A Distant Mirror: The Calamitous 14th Century by Barbara Tuchman
Non-Fiction suggested by Janet
Since “A Distant Mirror” is such a long book, we’ll divide it up. Everyone is going to read the first three chapters and the last chapter. Then each person chooses three middle chapters to read and “report on” to the group. What we want for this “reporting” is just a bit of information on what the chapters are about and a related question raised for discussion.
Janet has the list of which people have which chapters so if you do not yet have your chapters, please contact her to choose your chapters.

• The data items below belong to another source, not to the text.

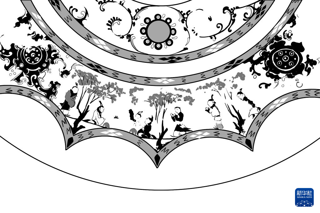 外區:紅色地彩上被四個圓形紋飾分成四區,每個區隔內都繪有若干人物,展現貴族生活場景。經專家研讀,四個區域按順序可確定為出行、謁見、狩獵、宴飲四個題材。
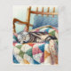 Sweet Grey Cat Sleeping on a Quilt Postcard
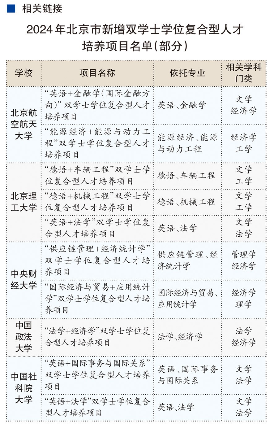 近年来,诸多高校结合本校人才培养定位、专业特色优势以及办学条件,积极开设双学士学位复合型人才培养项目。中国人民大学自2021年起开始设立双学士学位项目,目前项目总数达21个,包含“国学+古典学”“大数据技术+农林经济管理”“工商管理+法学”等。北理工围绕“人工智能+”“管理+”“数理+”“语言+”几个特色培养方向,发挥一流学科优势,已开设14个双学士学位项目。
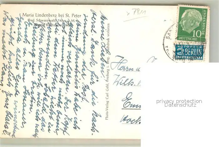 St_Peter_Schwarzwald Maria Lindenberg St_Peter_Schwarzwald postalisch gelaufen 1921-1965 Erhaltung siehe scans [KathaD81] Kathoren
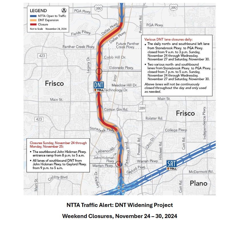 (November 22, 2024) As part of the North Texas Tollway Authority's DNT widening project, drivers should expect various lane closures in Frisco, November 24 - 27 and November 30, 2024. [See NTTA Closure Map above] and details below.
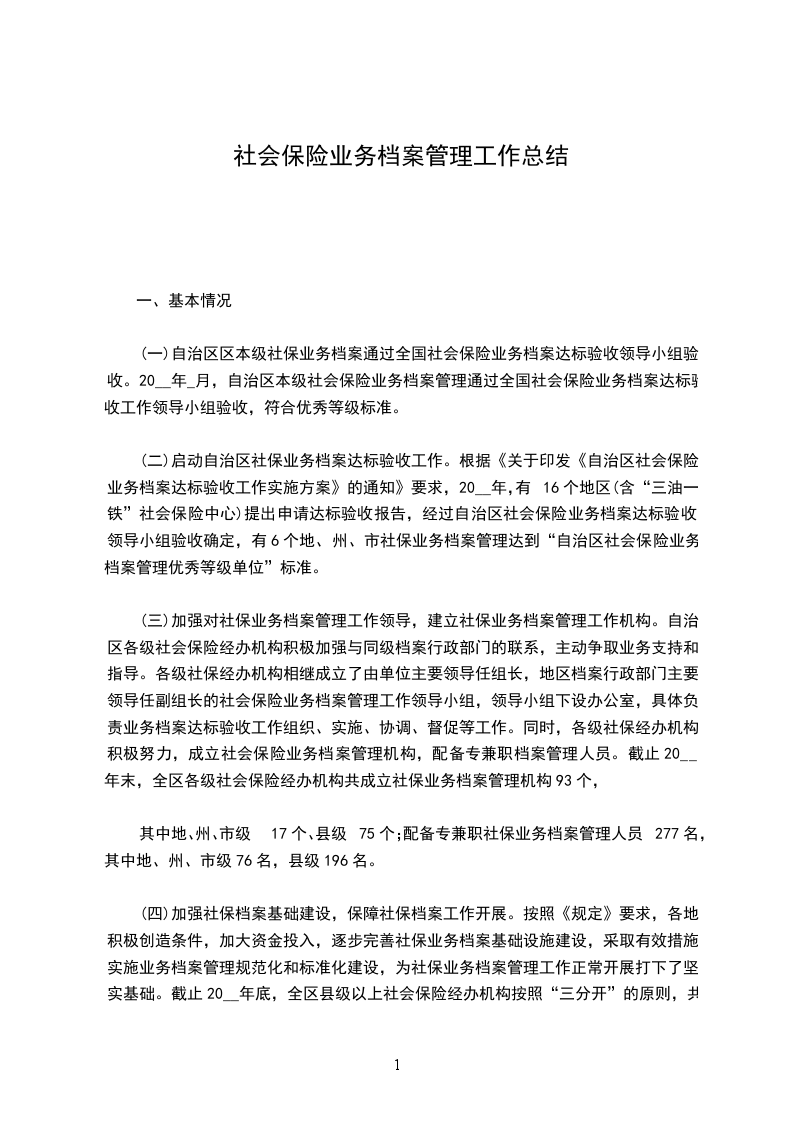(一)自治区区本级社保业务档案通过全国社会保险业务档案达标验收领导小组验收。20__年_月,自治区本级社会保险业务档案管理通过全国社会保险业务档案达标验收工作领导小组验收,符合优秀等级标准。

from Amazon: Barbara W. Tuchman—the acclaimed author of the Pulitzer Prize–winning classic The Guns of August—once again marshals her gift for character, history, and sparkling prose to compose an astonishing portrait of medieval Europe.
The fourteenth century reflects two contradictory images: on the one hand, a glittering age of crusades, cathedrals, and chivalry; on the other, a world plunged into chaos and spiritual agony. In this revelatory work, Barbara W. Tuchman examines not only the great rhythms of history but the grain and texture of domestic life: what childhood was like; what marriage meant; how money, taxes, and war dominated the lives of serf, noble, and clergy alike. Granting her subjects their loyalties, treacheries, and guilty passions, Tuchman re-creates the lives of proud cardinals, university scholars, grocers and clerks, saints and mystics, lawyers and mercenaries, and, dominating all, the knight—in all his valor and “furious follies,” a “terrible worm in an iron cocoon.”